On retrieval that survives the on-call rotation.
Why 'RAG' is a research toy until you treat ingestion, eval, and observability as first-class concerns. Field-tested patterns from three production deployments.
Most “RAG demos” survive about thirty seconds of real production traffic before the wheels come off. The model is fine. The retriever is fine. What breaks is the boring connective tissue between them — ingestion, schema, eval, and observability.
This is a rough field guide built from three deployments: an asset-management research tool, a customer-support assistant for a B2B SaaS, and an internal docs search at a 600-person company. Different shapes, same lessons.
Ingestion is half the system
The thing nobody writes about: getting good documents into your store is harder than the retrieval itself. PDFs are a war crime. Confluence pages have a half-life of six months. Slack threads are useful but contextually orphaned the moment they leave the channel.
The patterns that worked:
- Idempotent ingestion, keyed on a stable document ID, with a content hash so re-runs don’t churn the store.
- Layered chunking — ingest the document at three resolutions (page, section, paragraph) and pick at retrieval time.
- Metadata over cleverness — author, last-edited timestamp, ACL tags. Retrieval can filter on these before embedding similarity, which is faster and more correct.

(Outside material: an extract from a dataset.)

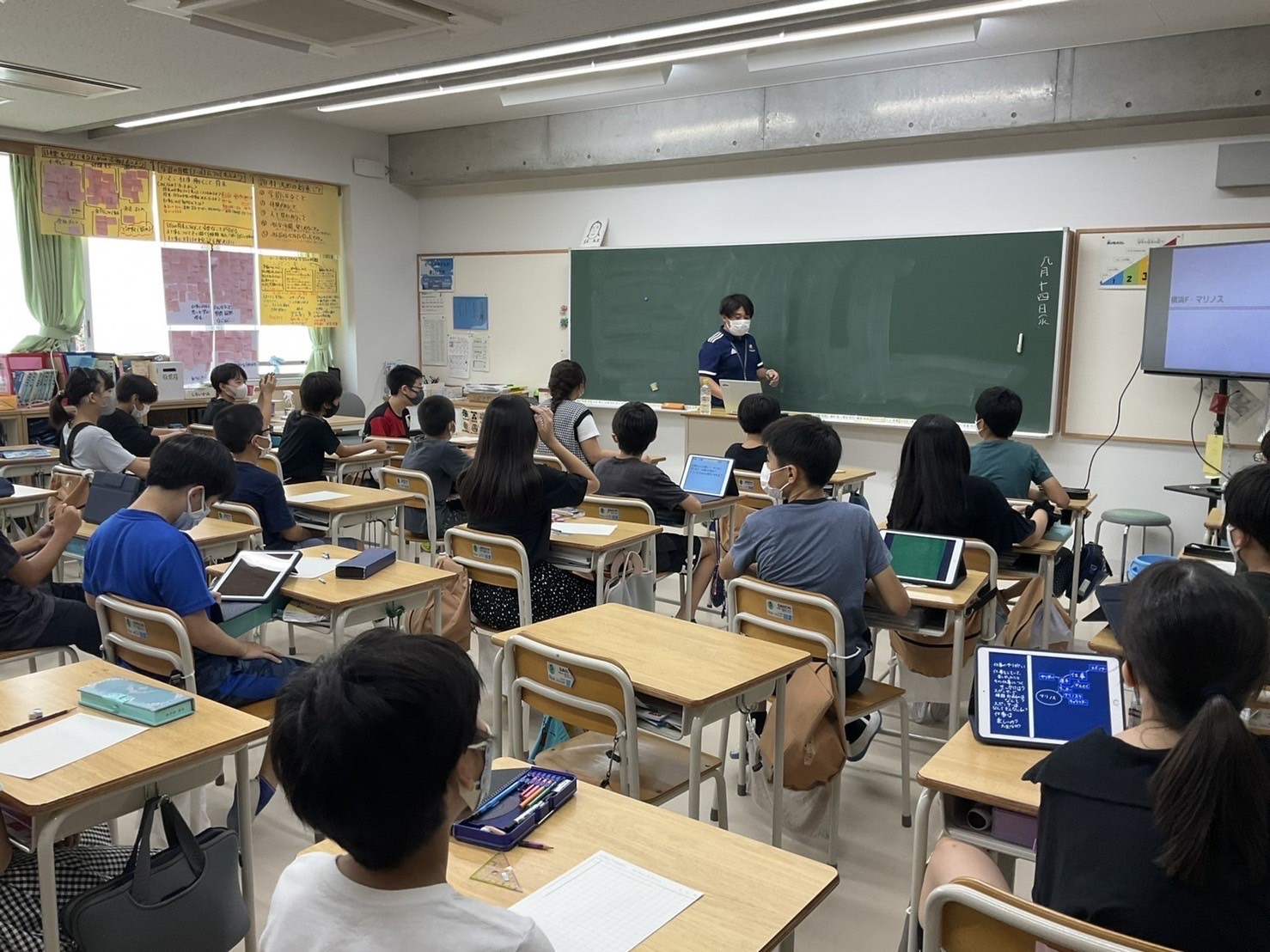 今回も、クラブスタッフが児童の皆さんにクラブの仕事を紹介するオリエンテーションを実施した後、「横浜F・マリノスを市民にもっと知ってもらう為には・好きになってもらう為には」といった課題を設定し、児童の皆さんに投げかけました。

Eval is not a launch-day ritual
The day you ship is the day you should already have an eval set running on every pull request. If you’re hand-checking outputs in a Notion doc, you’ve already lost.
Two evals that pay rent:
- A golden set of 50–200 queries with known-good answers. Run on every model/prompt change. Nothing fancy — exact-match for citation IDs, LLM-as-judge for quality.

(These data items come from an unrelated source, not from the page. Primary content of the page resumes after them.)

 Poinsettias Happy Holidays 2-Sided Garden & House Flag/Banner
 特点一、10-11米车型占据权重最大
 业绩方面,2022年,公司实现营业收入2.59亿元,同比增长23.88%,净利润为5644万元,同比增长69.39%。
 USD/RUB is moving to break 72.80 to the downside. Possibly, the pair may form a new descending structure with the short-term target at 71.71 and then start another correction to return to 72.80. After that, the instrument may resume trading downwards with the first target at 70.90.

- A regression set built from real production failures. Every time a user flags a bad answer, that query becomes a permanent fixture.
Observability beats prompt engineering
You will spend more time staring at the trace of a single bad query than rewriting prompts. Tools that helped:
- Per-query span: prompt → retrieval results → final output, with the retrieval scores visible.
- A replay affordance: pin a bad query, change one variable (k, prompt, model), re-run, diff.
- Alarms on the boring metrics: median retrieval latency, cache hit rate, fraction of queries where the top result has a similarity score below threshold.
The takeaways
If you’re building this for the second time:
- Treat ingestion as a real pipeline, with backfills and idempotency, not a one-shot script.
- Build the eval harness before you ship.
- Spend on observability before you spend on a fancier model.
The unsexy half is where the production value lives. The model is, by 2026, a commodity.